Building for the Milk-V Duo

I use a Nix-based cross-compilation environment. The upstream SDK V2 images use a statically-compiled system (no glibc available), so to build for it you need to build static binaries. You can do this by setting up cross-compilation for the riscv64-unknown-linux-musl target and then passing -static to gcc/g++ for static compilation

Vector extension support

Compilation

The SG2002 CPU used by the Milk-V uses the T-Head Vector extensions, which are a proprietary extension of the pre-standard RISC-V Vector (RVV) extension 0.7.1. Yes, this is as bad an idea as it sounds, but I guess it’s hard to complain for a 20 Euro board.

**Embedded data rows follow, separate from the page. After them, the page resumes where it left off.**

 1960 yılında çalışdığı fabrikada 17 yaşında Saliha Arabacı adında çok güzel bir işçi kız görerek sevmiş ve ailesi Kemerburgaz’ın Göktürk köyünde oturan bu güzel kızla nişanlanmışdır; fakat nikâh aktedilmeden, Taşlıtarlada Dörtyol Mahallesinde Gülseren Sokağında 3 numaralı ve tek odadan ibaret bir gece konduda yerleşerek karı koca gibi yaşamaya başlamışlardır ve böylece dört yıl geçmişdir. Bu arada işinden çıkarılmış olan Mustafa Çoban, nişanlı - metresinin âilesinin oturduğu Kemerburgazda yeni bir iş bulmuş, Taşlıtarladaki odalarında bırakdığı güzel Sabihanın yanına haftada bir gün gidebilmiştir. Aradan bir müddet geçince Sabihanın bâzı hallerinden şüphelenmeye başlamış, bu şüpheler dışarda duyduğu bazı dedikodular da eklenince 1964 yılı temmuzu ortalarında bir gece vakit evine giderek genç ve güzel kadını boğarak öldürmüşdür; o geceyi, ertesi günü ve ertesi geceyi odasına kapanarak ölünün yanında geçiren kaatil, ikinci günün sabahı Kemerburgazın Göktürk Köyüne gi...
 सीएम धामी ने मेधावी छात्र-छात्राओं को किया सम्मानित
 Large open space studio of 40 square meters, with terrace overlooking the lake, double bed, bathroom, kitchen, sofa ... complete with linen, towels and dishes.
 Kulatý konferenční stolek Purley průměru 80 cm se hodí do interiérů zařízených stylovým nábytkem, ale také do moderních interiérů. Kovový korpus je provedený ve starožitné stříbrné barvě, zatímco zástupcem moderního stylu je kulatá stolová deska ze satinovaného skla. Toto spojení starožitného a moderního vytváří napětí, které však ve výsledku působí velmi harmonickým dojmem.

If you would normally compile using -march=rv64gcv for RVV 1.0, you should compile with -march=rv64gc_xtheadvector for T-Head CPUs like the SG2002.

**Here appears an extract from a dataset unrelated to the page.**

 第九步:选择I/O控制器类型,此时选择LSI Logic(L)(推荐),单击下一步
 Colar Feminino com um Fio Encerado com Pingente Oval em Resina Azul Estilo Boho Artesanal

Once you go beyond the basics of RVV, you will find that the T-Head Vector extensions has some missing functionality/idiosynchrasies.

Inverse square root

One thing that is missing is support for the vfrsqrt7.v instruction for reciprocal square root estimations . Unfortunately, the regular square root instruction vfsqrt.v is pretty slow, so square root + division is out for some applications. Luckily, the good old fast inverse square root estimation still works:

// Newton-Raphson iteration for inverse square root:
// y' = y * (1.5 - 0.5 * a * y * y)
inline vfloat32m8_t rsqrt_newton_raphson(vfloat32m8_t y, vfloat32m8_t a, size_t vl) {
  auto tmp = __riscv_vfmul_vv_f32m8(y, y, vl);
  tmp = __riscv_vfmul_vv_f32m8(a, tmp, vl);
  tmp = __riscv_vfmul_vf_f32m8(tmp, 0.5f, vl);
  tmp = __riscv_vfrsub_vf_f32m8(tmp, 1.5f, vl);
  return __riscv_vfmul_vv_f32m8(y, tmp, vl);
}
 
// https://en.wikipedia.org/wiki/Fast_inverse_square_root
inline vfloat32m8_t fast_rsqrt(vfloat32m8_t x, size_t vl) {
  auto i = __riscv_vreinterpret_v_f32m8_u32m8(x);
  i = __riscv_vsrl_vx_u32m8(i, 1, vl);
  i = __riscv_vrsub_vx_u32m8(i, 0x5f3759df, vl);
  auto rsqrt = __riscv_vreinterpret_v_u32m8_f32m8(i);
 
  // Adjust number of Newton-Raphson iterations depending on the
  // required accuracy.
  rsqrt = rsqrt_newton_raphson(rsqrt, x, vl);
  rsqrt = rsqrt_newton_raphson(rsqrt, x, vl);
 
  return rsqrt;
}